Step 4: Create Phase 1 and Phase 2 Configuration on FortiGate B: Repeat Steps 2 and 3 on FortiGate B with the corresponding settings, but make sure to reverse the “Remote Gateway” and the “Local Subnet” and “Remote Subnet” settings.

Step 5: Establish the Connection:

  1. After configuring both FortiGate devices, return to FortiGate A.
  2. Go to “VPN” > “IPsec Tunnels” and click the “Create New” button.
  3. Select the Phase 1 and Phase 2 configurations you created for FortiGate B.
  4. Click “OK” to create the VPN tunnel.
  5. Repeat the same steps on FortiGate B, using the Phase 1 and Phase 2 configurations for FortiGate A.

Step 6: Monitor and Troubleshoot:

  1. You can monitor the VPN connection status under “VPN” > “Monitor” > “IPsec Monitor.”
  2. If there are any issues, check the logs and firewall policies for any blocking rules.

That’s it! You should now have a functioning FortiGate IPsec VPN site-to-site connection between the two locations. Ensure that your firewall policies allow traffic to flow over the VPN tunnel, and test the connectivity between the remote networks.

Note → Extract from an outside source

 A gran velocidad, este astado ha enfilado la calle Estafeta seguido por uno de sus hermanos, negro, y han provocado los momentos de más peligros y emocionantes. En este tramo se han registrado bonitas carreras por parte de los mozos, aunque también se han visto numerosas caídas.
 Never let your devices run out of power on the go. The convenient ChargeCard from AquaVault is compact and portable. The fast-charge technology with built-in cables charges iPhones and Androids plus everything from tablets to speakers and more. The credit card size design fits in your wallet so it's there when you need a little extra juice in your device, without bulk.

FortiGate Remote Access IPSec VPN Configuration

In today’s digital era, remote access is becoming a fundamental requirement for businesses to ensure continuous productivity. But with remote access comes the risk of cyber threats, making VPN security a top priority.

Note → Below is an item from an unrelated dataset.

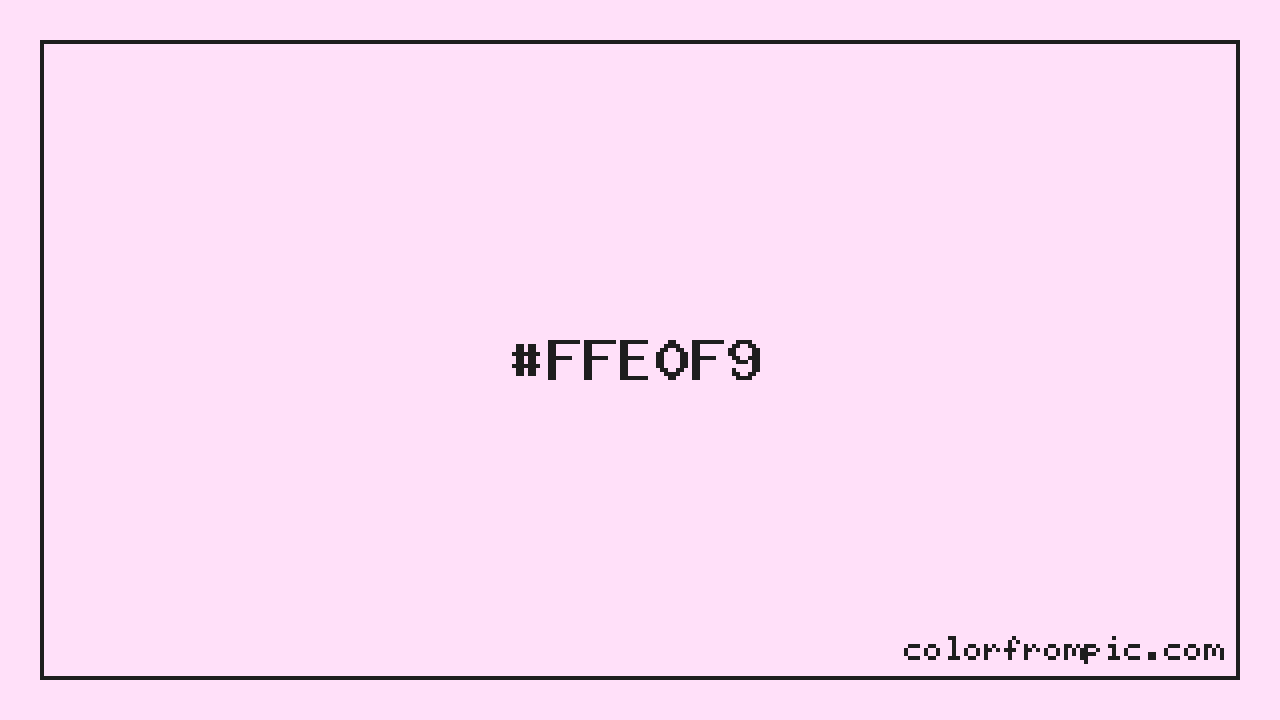 The HEX code for Very Light Vivid Magenta is #FFE0F9. In CSS you can use it directly as color: #FFE0F9; or as a background: background-color: #FFE0F9;. The three-character shorthand is not available for this color since it cannot be reduced without changing the value. Use the full six-character hex for accurate reproduction in any web or design project.

1. Access the FortiGate Web Interface:
Connect to your FortiGate firewall’s web interface using a web browser. Enter the IP address of the FortiGate in the address bar and log in with administrator credentials.
2. Create a VPN User Group:
Navigate to “User & Device” > “User Groups.”
Click on “Create New.”
Name the group (e.g., “VPN_Users”).
Add the remote users who will be connecting to this group.
3. Configure the VPN Tunnel:
Navigate to “VPN” > “IPsec Wizard.”
Select “Custom” and click “Next.”
Enter a name for the VPN tunnel.
Select “Remote Access” as the type of VPN.
Choose “Pre-shared Key” for authentication.
Create a Pre-shared Key (PSK) and make note of it. This will be used by remote clients to authenticate.
Select the appropriate interface for the VPN (usually the WAN interface).
Configure the Local Interface and Local IP Address settings.
Under Authentication/Phase 1, select the appropriate encryption and authentication settings.
Under Authentication/Phase 2, select the appropriate encryption and authentication settings.
Click “Next” and review your settings.
Click “Finish” to create the VPN tunnel.
4. Configure the Firewall Policies:
Navigate to “Policy & Objects” > “IPv4 Policy.”
Create a new policy for traffic from the VPN to the internal network.Set the source interface to the VPN interface.
Set the destination interface to the internal network.
Specify the appropriate source and destination addresses and services.
Allow the traffic.
5. Configure DNS Settings (optional):
If you want remote users to resolve internal hostnames, configure DNS settings for the VPN users. Navigate to “Network” > “DNS.”
Add internal DNS servers to the list and enable DNS settings for the VPN tunnel.
6. Configure NAT (optional):
If your internal network uses NAT, configure NAT settings for the VPN users. Navigate to “Policy & Objects” > “NAT.”
Create a new NAT policy to translate VPN user traffic to the internal network.
7. Configure User Authentication:
Navigate to “System” > “Administrators” and create a user account for remote authentication.
Ensure the user has permissions to connect via VPN.
8. Configure VPN Client:
On the remote client side, configure the VPN client software (e.g., FortiClient) with the FortiGate’s public IP address and the Pre-shared Key you created earlier.
9. Test the Connection:
Connect the remote client to the FortiGate using the configured VPN settings.
Verify that the connection is established successfully.
These are the basic steps for configuring a FortiGate Remote Access IPSec VPN. Depending on your specific network requirements and security policies, you may need to make additional configurations or adjustments. Always refer to the FortiGate documentation for the most up-to-date and specific instructions for your device.